▶ [MATERIAL FOR THE TASK]:
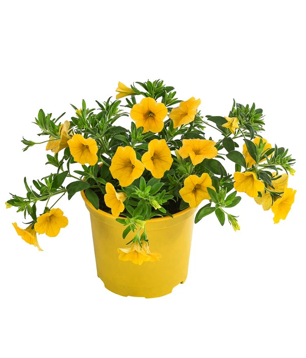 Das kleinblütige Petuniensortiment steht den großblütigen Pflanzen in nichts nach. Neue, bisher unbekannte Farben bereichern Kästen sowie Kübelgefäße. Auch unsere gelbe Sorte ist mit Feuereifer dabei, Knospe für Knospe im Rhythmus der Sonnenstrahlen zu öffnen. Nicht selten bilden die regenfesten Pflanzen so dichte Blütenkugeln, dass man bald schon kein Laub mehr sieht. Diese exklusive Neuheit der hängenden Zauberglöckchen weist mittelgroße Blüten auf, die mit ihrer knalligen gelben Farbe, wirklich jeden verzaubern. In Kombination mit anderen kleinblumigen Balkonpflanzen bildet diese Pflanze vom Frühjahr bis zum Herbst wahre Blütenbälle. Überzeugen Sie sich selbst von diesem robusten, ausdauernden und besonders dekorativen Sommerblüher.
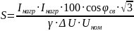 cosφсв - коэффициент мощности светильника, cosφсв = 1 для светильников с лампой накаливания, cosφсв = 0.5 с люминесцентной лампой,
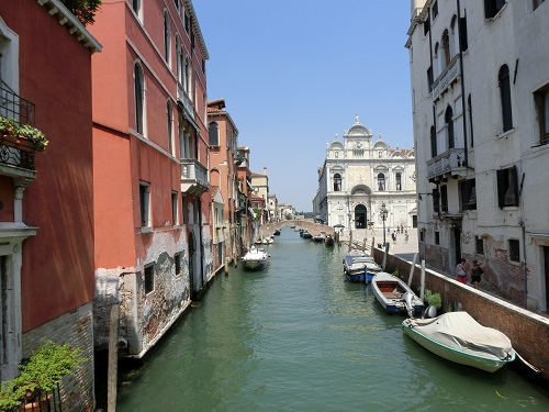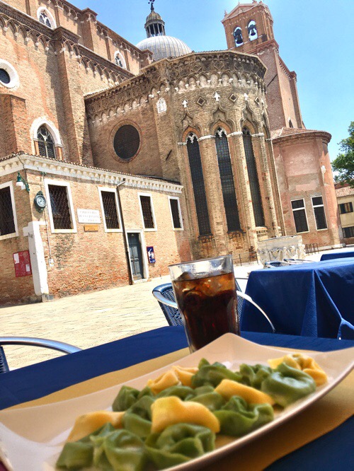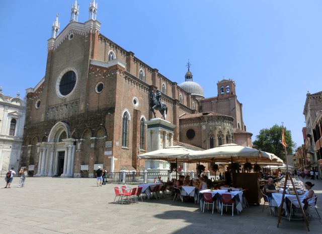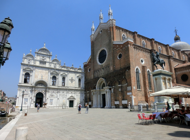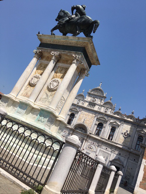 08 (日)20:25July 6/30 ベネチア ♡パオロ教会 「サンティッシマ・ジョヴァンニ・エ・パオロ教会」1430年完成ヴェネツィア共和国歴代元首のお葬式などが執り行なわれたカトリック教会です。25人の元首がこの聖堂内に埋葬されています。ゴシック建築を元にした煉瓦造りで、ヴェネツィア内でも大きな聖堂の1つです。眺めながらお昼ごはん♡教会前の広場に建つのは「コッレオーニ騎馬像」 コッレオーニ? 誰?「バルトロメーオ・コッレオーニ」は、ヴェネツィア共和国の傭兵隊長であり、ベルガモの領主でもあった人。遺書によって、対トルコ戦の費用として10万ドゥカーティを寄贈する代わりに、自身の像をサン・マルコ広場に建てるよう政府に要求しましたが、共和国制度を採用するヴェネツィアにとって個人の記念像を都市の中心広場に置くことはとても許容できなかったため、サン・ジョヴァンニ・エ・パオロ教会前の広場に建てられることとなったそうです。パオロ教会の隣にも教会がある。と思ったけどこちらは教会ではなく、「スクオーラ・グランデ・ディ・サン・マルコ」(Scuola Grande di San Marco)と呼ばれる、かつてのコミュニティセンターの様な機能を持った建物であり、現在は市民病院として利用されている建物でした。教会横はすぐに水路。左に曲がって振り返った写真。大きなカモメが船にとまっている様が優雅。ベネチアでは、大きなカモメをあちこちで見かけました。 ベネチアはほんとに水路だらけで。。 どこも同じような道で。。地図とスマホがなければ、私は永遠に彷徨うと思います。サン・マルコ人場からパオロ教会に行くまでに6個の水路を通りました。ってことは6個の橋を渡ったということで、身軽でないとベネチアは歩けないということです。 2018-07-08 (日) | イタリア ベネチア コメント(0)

...

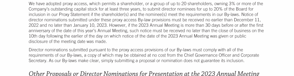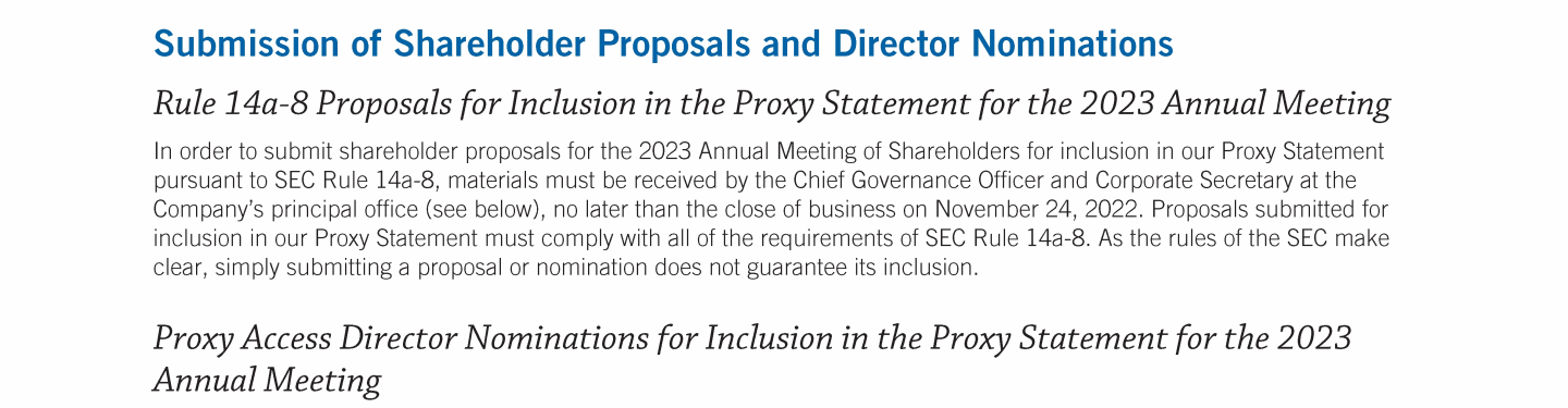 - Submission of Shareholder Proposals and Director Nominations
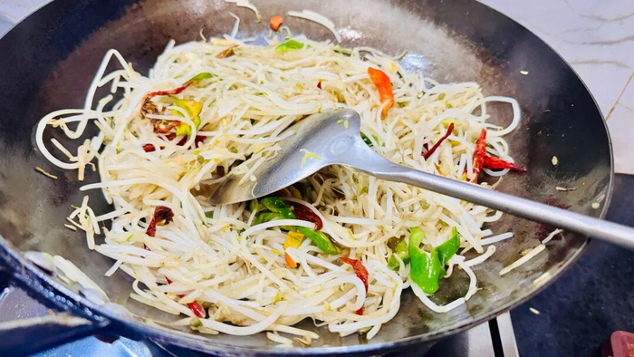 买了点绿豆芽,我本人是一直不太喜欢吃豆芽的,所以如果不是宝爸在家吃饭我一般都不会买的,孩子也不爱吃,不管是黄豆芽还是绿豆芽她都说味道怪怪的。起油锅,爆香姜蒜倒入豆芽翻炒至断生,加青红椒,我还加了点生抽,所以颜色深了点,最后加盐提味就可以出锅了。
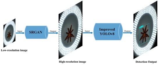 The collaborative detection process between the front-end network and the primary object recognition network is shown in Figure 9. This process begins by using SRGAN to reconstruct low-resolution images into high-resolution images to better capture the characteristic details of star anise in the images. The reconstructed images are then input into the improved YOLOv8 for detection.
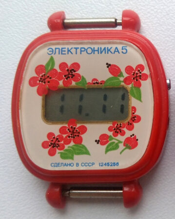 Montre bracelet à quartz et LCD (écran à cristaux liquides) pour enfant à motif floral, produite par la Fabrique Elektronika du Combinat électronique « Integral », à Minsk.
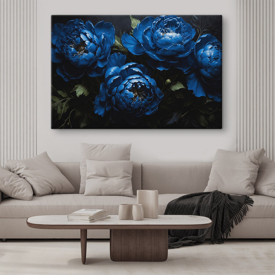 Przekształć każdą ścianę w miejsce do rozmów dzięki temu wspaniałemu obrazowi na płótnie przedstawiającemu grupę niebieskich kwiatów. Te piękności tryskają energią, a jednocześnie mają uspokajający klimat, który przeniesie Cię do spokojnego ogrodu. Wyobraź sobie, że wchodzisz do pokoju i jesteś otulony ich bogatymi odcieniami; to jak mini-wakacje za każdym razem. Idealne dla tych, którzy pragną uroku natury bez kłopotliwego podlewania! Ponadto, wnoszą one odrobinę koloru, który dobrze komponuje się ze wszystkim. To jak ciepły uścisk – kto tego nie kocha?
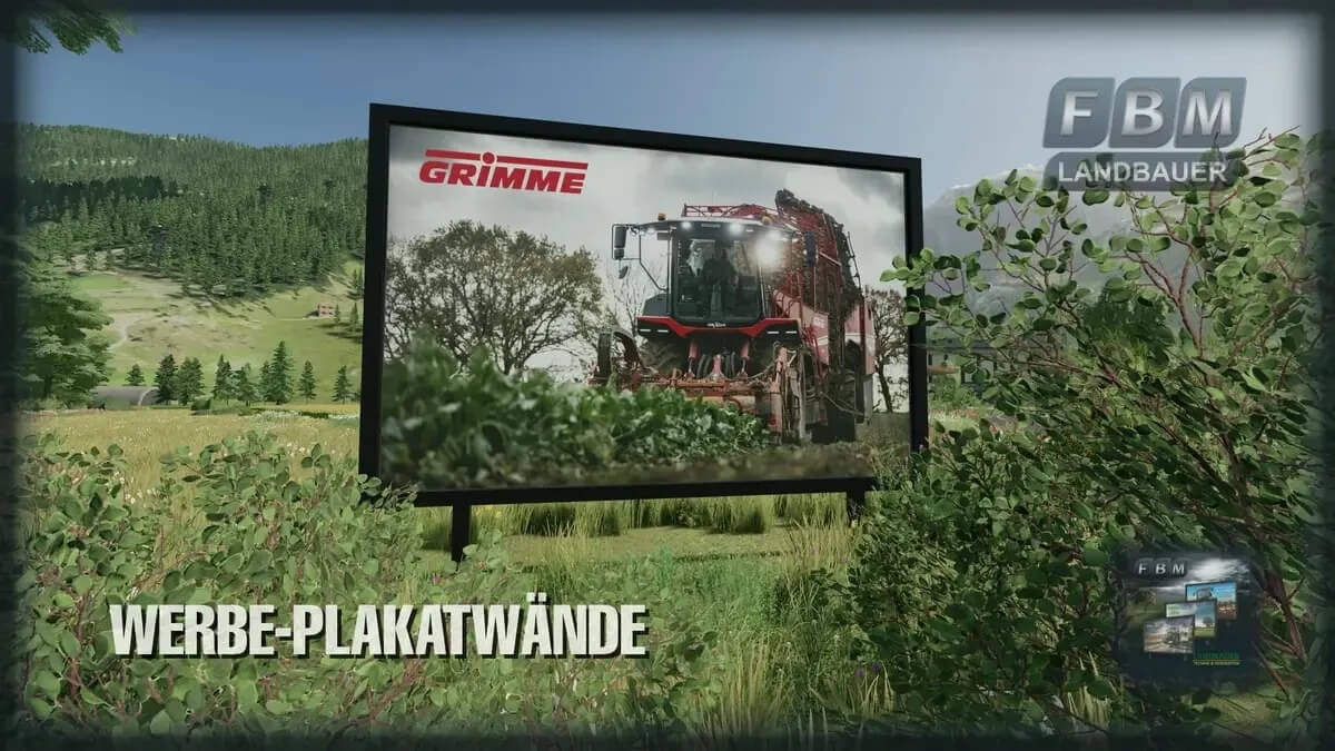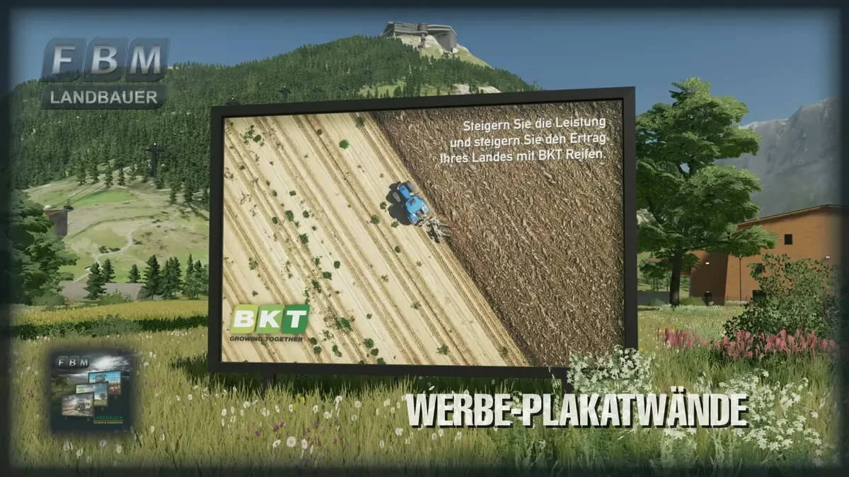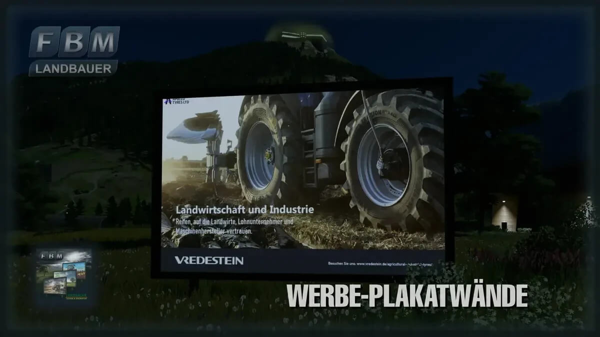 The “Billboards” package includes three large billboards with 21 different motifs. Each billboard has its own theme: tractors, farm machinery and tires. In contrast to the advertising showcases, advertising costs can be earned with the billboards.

* * *

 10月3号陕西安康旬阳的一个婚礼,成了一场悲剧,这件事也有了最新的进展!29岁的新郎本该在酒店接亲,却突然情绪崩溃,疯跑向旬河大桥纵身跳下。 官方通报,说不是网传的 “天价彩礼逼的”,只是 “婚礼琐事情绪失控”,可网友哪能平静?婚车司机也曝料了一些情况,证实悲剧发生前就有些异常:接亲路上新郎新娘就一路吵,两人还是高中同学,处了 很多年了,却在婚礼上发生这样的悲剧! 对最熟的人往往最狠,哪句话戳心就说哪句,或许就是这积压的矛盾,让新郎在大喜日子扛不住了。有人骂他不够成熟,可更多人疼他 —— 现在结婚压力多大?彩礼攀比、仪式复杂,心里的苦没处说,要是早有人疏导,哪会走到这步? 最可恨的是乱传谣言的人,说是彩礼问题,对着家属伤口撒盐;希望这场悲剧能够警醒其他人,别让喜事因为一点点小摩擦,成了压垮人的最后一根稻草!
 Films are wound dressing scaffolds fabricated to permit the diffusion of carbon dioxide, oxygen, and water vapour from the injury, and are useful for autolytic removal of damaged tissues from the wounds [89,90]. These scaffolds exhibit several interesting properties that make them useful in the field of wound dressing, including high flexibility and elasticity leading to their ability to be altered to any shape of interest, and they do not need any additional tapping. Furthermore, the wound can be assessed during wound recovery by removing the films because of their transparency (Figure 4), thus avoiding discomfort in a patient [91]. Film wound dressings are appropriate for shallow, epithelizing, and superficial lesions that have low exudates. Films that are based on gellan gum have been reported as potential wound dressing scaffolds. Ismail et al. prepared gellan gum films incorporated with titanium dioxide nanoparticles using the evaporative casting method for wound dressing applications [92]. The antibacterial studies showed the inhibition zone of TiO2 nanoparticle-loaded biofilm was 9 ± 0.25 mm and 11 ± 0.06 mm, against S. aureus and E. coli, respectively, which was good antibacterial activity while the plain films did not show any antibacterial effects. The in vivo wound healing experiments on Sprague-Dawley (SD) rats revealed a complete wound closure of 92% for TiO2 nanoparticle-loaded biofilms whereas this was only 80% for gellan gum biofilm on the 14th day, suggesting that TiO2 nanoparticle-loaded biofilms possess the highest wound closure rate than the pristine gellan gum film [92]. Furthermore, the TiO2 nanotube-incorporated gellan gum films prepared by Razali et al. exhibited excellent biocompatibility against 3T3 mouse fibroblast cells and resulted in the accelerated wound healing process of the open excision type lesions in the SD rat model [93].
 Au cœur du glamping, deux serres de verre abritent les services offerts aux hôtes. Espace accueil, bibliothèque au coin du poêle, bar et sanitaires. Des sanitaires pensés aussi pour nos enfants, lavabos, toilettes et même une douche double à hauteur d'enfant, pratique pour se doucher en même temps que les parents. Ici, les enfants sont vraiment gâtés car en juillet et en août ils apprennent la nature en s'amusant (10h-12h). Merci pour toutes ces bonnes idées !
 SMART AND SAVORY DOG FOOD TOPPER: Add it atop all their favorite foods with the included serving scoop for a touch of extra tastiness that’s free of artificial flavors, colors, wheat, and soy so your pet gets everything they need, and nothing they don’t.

▶ [EXERCISE DETAILS]: Above are the records. Copy the lines beginning at the one that has "Au cœur du glamping, deux" and ending with the one that has "SMART AND SAVORY", unchanged.

▶ [SOLUTION TO THIS PROBLEM]:
 Au cœur du glamping, deux serres de verre abritent les services offerts aux hôtes. Espace accueil, bibliothèque au coin du poêle, bar et sanitaires. Des sanitaires pensés aussi pour nos enfants, lavabos, toilettes et même une douche double à hauteur d'enfant, pratique pour se doucher en même temps que les parents. Ici, les enfants sont vraiment gâtés car en juillet et en août ils apprennent la nature en s'amusant (10h-12h). Merci pour toutes ces bonnes idées !
 SMART AND SAVORY DOG FOOD TOPPER: Add it atop all their favorite foods with the included serving scoop for a touch of extra tastiness that’s free of artificial flavors, colors, wheat, and soy so your pet gets everything they need, and nothing they don’t.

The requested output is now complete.